The ensemble mean computed lake level, the 95% range, and the lake level computed from the selected realization are shown in Figure 10c. As expected, the lake-level ensemble median (Fig. 10c, black line) is similar to the lake level reconstructed by Bookman et al. (Reference Bookman, Enzel, Agnon and Stein2004; Fig. 10a). The arbitrarily selected single lake-level realization (green line in Fig. 10c) is smoother than the corresponding precipitation realization (blue line in Fig. 10b) but, as expected, it is still noisier than the lake-level ensemble median (black line in Fig. 10c). These realizations present smaller-scale rises and declines, reflecting random clusters of high or low precipitation amounts. It is clear from Figure 10c, as already mentioned earlier, that at low lake levels, the spread of the realizations is much larger than at high lake levels, resulting in the thicker gray area below the sill.

The MAP at the station (Kfar Giladi) varied in the range of 489–975 mm, i.e., 83–166% (63–125%) of the reference (present-day) MAP. The two driest intervals of the late Holocene are 1500–1200 BC and AD 755–890 (Fig. 10b). In these intervals, MAP declined to 83–88% (63–66%) of the reference (present-day) Kfar Giladi MAP. Under present-day climate, stations with a similar MAP are located at approximately 1° latitude (~100 km) south of Kfar Giladi (Fig. 1). We note that, due to the high interannual variance, precipitation in a single year could be much lower or higher than the MAP range. For example, consider the relatively dry interval of AD 850–1180 (Table 4): the annual precipitation in the realization presented in Figure 10b during this period reached a maximum of 1027 mm, which is considered a very wet year even under the present-day climate; i.e., extremes that are opposite to the general trend can occur, albeit rarely.
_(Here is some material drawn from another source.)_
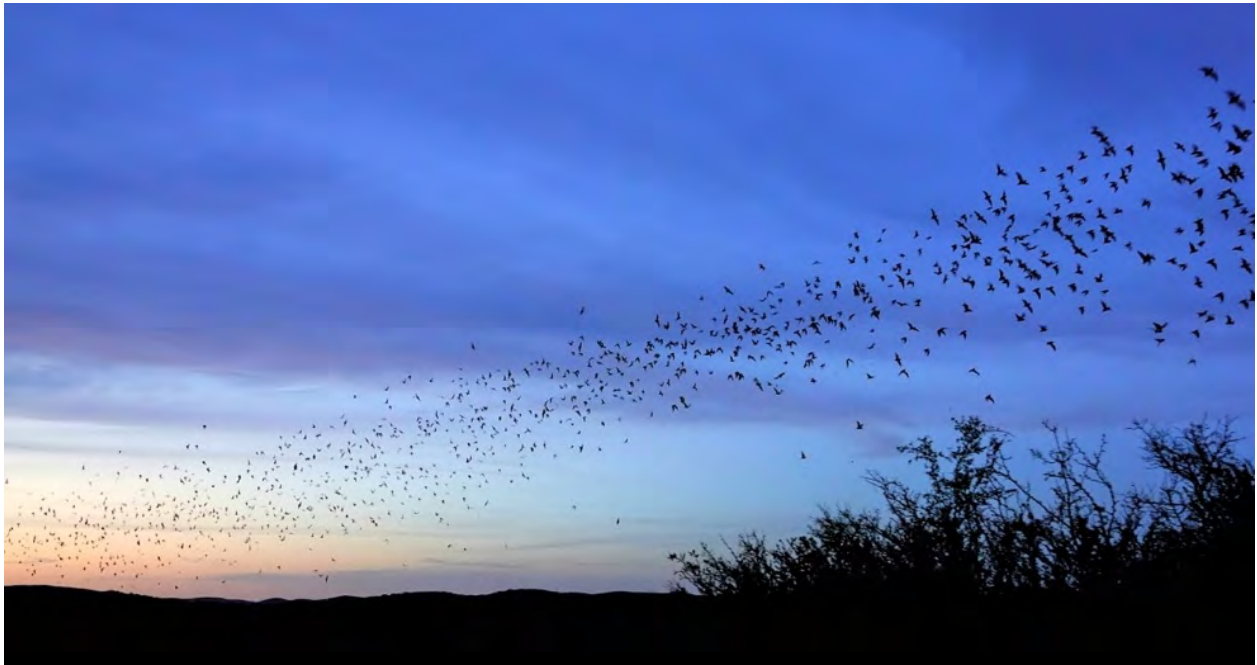
We'll visit the Rio Frio Cavern, near Concan, where at sunset we'll view the emergence of thousands of Mexican Free-tailed Bats. On occasion, we've seen raptors catching their dinners here as well!

Lost Maples State Natural Area —Named for its relict population of bigtooth maples ( Acer grandidentatum ), Lost Maples State Natural Area preserves 2200 acres of rugged Plateau habitats. In the wooded canyons of the bald cypress-lined Sabinal River, Golden-cheeks defend breeding territories while the furtive Black-cap vocalizes from clumps of shrubby oaks and sumacs on the drier slopes. Other breeders sharing these habitats include Wild Turkey, Black-chinned Hummingbird, Ladder-backed Woodpecker, Ash-throated Flycatcher, Vermilion Flycatcher and Yellow-breasted Chat (both in aerial song-display), Black-and-white Warbler, Yellow-throated Vireo, Painted and Indigo buntings, Blue Grosbeak, Lark, Field, and Rufous-crowned sparrows, and Hooded and Orchard orioles. The fields near the park are intermittently good for Western Kingbirds, Dickcissels, and Clay-colored, Grasshopper, and Cassin's sparrows.

The late Holocene's wettest intervals are 2500–2460 BC, 130–40 BC, AD 350–490, and AD 1770–1940 (Fig. 10b). During these intervals, the Kfar Giladi MAP varied from 131–166% (99–125%) of its reference (present-day) MAP. In the present-day climate, stations with a similar MAP are located approximately 1° north of Kfar Giladi (Fig. 1). These 1° shifts in MAP indicate changes in the regional synoptic-scale conditions.
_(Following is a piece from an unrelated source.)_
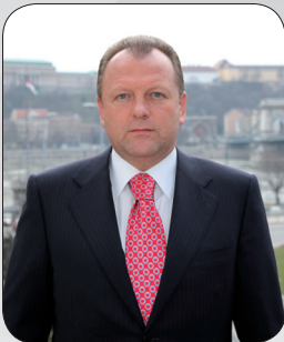
Marius L. VIZER IJF President

The modern Levant annual precipitation is spatially coherent (Fig. 4; Enzel et al., Reference Enzel, Bookman (Ken Tor), Sharon, Gvirtzman, Dayan, Ziv and Stein2003). Therefore, we postulate that the identified MAP trends over the past 4500 yr (Fig. 10b) are applicable to the entire Levant. These changes in MAP are most likely related to changes in tracking and frequency of eastern Mediterranean cyclones (Enzel et al., Reference Enzel, Bookman (Ken Tor), Sharon, Gvirtzman, Dayan, Ziv and Stein2003; Saaroni et al., Reference Saaroni, Halfon, Ziv, Alpert and Kutiel2010). Principal component analysis of annual precipitation (1923–2012) in the eastern Mediterranean (Fig. 11) applied to data from the GPCC data set (Schneider et al., Reference Schneider, Becker, Finger, Meyer-Christoffer, Ziese and Rudolf2014) shows that the second component (explaining 10% of the variance) is related to precipitation in the Levant region; it is the only component with a correlation of >0.5 with annual precipitation in Kfar Giladi (Fig. 11b). Therefore, it is suggested that this mode is controlled by the southeastern storm track over the Mediterranean. It is further postulated that, during intervals characterized by high regional MAP, this component is strong in most years, whereas the southeastern storm track component is weak during low MAP intervals. Further research is required to examine this assumption.

Figure 11.

(color online) The first four principal components of annual precipitation (September–August) for 1923–2012 from Global Precipitation Climatology Centre 0.5° monthly precipitation data (Schneider et al., Reference Schneider, Becker, Finger, Meyer-Christoffer, Ziese and Rudolf2014). Colors represent principal component loadings. The principal components explained the variance, and the correlation (R) of its scores with annual precipitation at Kfar Giladi station are shown. The second principal component (b) is related to precipitation in the Levant region; it is the only component with R>0.5 with the Kfar Giladi annual precipitation.